Let $U$ and $V$ be independent random variable such that $U$ is Bernoulli, for example $P(U=1)=P(U=0)=1/2$, and $V$ is not integrable, for example $V\ge1$ almost surely and $P(V\ge v)=1/v$ for every $v\ge1$. Let $X=0$ and $Y=V$ if $U=0$ and $X=V$ and $Y=0$ if $U=1$. Then $XY=0$ hence $XY$ is integrable but neither $X$ nor $Y$ is.
Or: let $Z$ be an almost surely positive random variable such that neither $Z$ not $1/Z$ is integrable, for example $Z$ has density $\frac12\min\{1,1/z^2\}$ for $z$ in $(0,+\infty)$. Let $X=Z$ and $Y=1/Z$. Then $XY=1$ hence $XY$ is integrable but neither $X$ nor $Y$ is. Note that $Z$ can be realized through $U$ defined previously and an independent random variable $W$ uniform on $(0,1)$, as $Z=W$ if $U=1$ and $Z=1/W$ if $U=0$.

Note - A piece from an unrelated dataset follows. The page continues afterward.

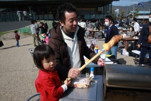 家族との共同作業として棒パン作りをしました。竹に巻いた生地をゆっくりと焼きながら、家族と話すなど楽しい時間を共有しました。 |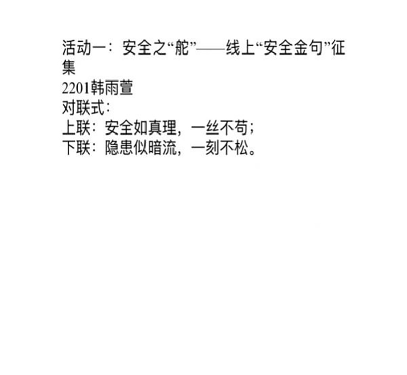 其中教科2201韩雨萱的作品,采用了对联的形式给人眼前一亮,内容简单易懂,语言朴实,对仗工整。

Edit While I was writing the above, the OP mentioned that $X$ and $Y$ should be independent. Recall that if $X$ and $Y$ are nonnegative independent random variables, the relation $E(XY)=E(X)E(Y)$ always hold in $[0,+\infty]$ (with the obvious multiplication rules plus the fact that $0\times(+\infty)=+\infty\times0=0$). In particular, if $X$ and $Y$ are independent, $X$ is not integrable and $Y$ is not almost surely zero, then $XY$ is not integrable.